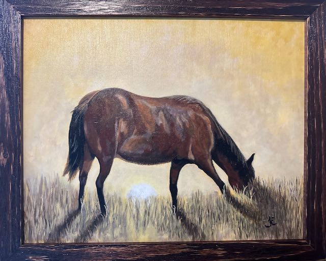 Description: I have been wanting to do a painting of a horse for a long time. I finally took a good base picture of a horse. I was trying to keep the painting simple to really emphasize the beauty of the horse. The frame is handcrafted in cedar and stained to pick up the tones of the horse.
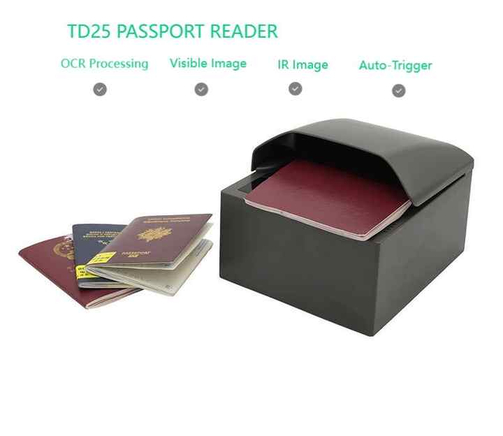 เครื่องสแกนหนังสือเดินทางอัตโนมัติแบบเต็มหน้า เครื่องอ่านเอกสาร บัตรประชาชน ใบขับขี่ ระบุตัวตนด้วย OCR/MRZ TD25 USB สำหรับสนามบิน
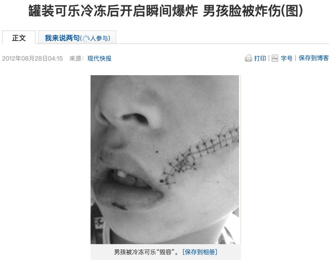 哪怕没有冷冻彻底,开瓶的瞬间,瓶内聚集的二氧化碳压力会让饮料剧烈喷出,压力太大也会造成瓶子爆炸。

==================================================

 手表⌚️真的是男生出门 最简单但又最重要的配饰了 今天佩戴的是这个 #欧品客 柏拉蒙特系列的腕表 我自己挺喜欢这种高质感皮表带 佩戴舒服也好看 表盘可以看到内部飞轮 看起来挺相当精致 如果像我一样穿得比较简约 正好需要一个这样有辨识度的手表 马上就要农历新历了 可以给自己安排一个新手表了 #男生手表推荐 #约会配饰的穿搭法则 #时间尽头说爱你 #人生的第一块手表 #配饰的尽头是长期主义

==================================================

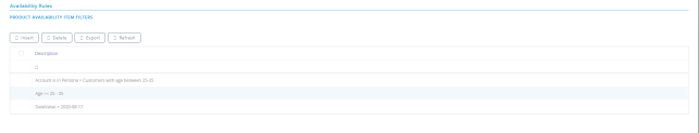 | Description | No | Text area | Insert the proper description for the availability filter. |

==================================================

- What this task involves:
Up in the listing, locate the line with "TD25 USB สำหรับสนามบิน"; print it and every line after it down to the line with "哪怕没有冷冻彻底,开瓶的瞬间", which is included too. Skip the pictures.

- Exercise result:
 เครื่องสแกนหนังสือเดินทางอัตโนมัติแบบเต็มหน้า เครื่องอ่านเอกสาร บัตรประชาชน ใบขับขี่ ระบุตัวตนด้วย OCR/MRZ TD25 USB สำหรับสนามบิน
 哪怕没有冷冻彻底,开瓶的瞬间,瓶内聚集的二氧化碳压力会让饮料剧烈喷出,压力太大也会造成瓶子爆炸。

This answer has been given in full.